TSK, G3'leri neden tercih ediyor?

Kaynak : Zaman
Haber Giriş : 17 Kasım 2007 10:00, Son Güncelleme : 27 Mart 2018 00:42

Terörle mücadelede G3'ler, uzun menzilli olduğu için tercih ediliyor

Terör örgütü tarafından kaçırılan askerlerin 'silahlarımız tutukluk yaptı' savunmasının ardından gözler Mehmetçiğin kullandığı G3 marka piyade tüfeklerine çevrildi. TSK'nın Kalaşnikof yerine G3'leri tercih etmesinin en önemli nedeni daha güçlü ve öldürücü olması.

Dağlıca baskınının ardından terör örgütünün kaçırıp 14 gün sonra teslim ettiği askerler kendilerini, 'silahlarımız tutukluk yaptı' şeklinde savundu. Askerlerin açıklamalarından sonra kamuoyunda TSK'nın, Kalaşnikof (AK-47) yerine, hantallığı ve namlusunun çabuk şişmesiyle bilinen G3'leri neden tercih ettiği konusu tartışılmaya başlandı.

İç güvenlik birliklerinde kullanılan silahların büyük kısmı Alman yapımı G3 piyade tüfeğinden oluşuyor.
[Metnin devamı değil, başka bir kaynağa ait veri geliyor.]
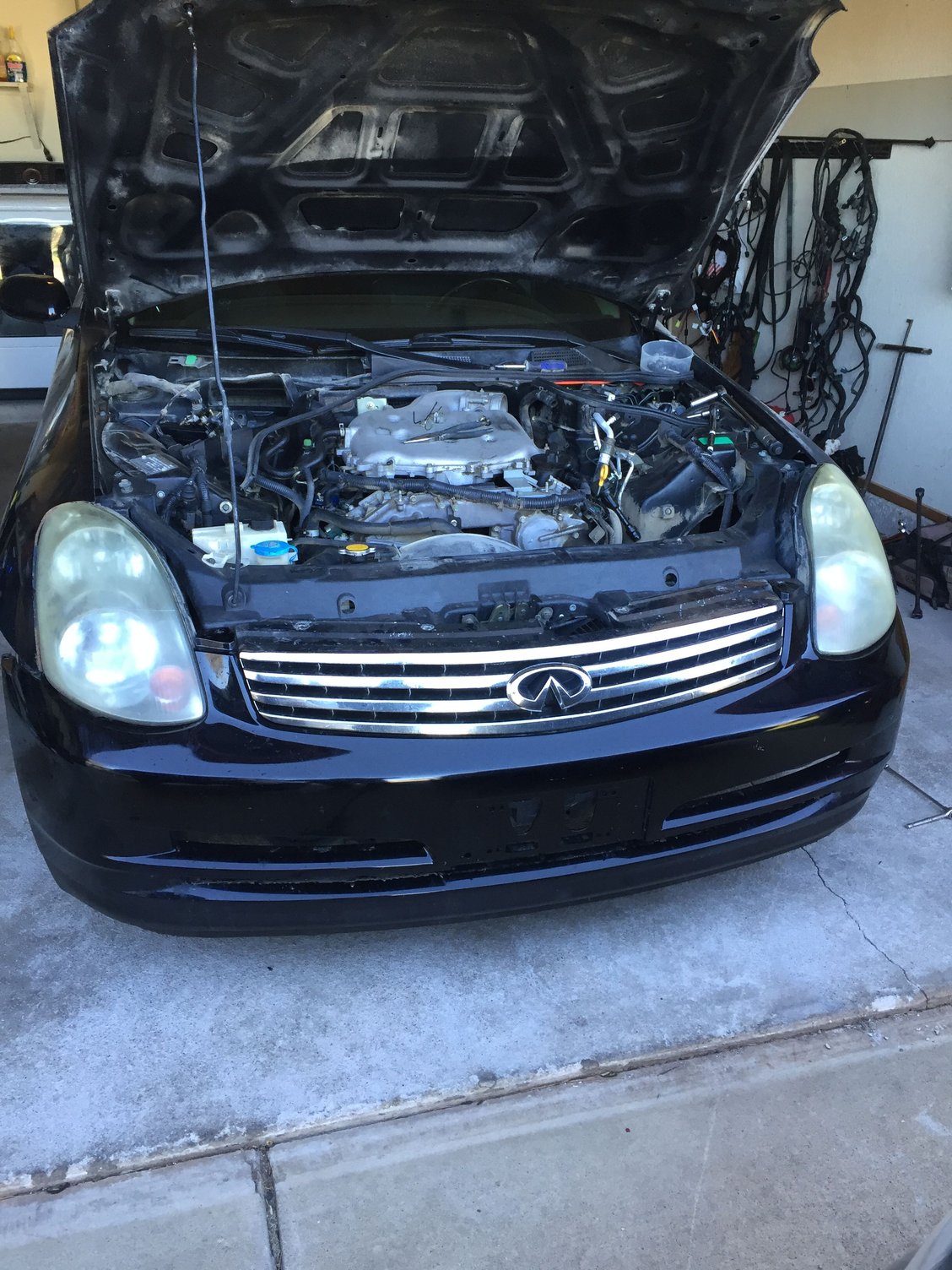 This is what I had to start with. 2005 Coupe staggered setup. Paid next to nothing for the wheels and tires, and I was overdue for a good DIY attempt.
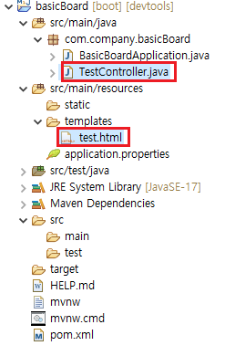 src/main/resources 패키지의 templates 폴더에서 test.html 파일을 생성한다.

Dünyanın en çok tutukluk yapan silahı olarak da bilinen G3'lerin ağır ve Kalaşnikof'a göre daha hantal olmasının yanı sıra önemli avantajları da bulunuyor. Öncelikle uzun, setli ve yivli namlusu sayesinde G3'ler, Kalaşnikof'lardan çok daha güçlü. Namludaki set ve yivler, merminin ekseni etrafında dönmesini ve hedefe tek bir noktadan girdiği halde çıkışında bu dönme etkisi sayesinde bölgesel bir tahribat yapabilmesini sağlıyor. Öyleki, 100?150 metre mesafeden kola veya bacağa isabet eden bir mermi uzvun kopmasına bile neden olabiliyor.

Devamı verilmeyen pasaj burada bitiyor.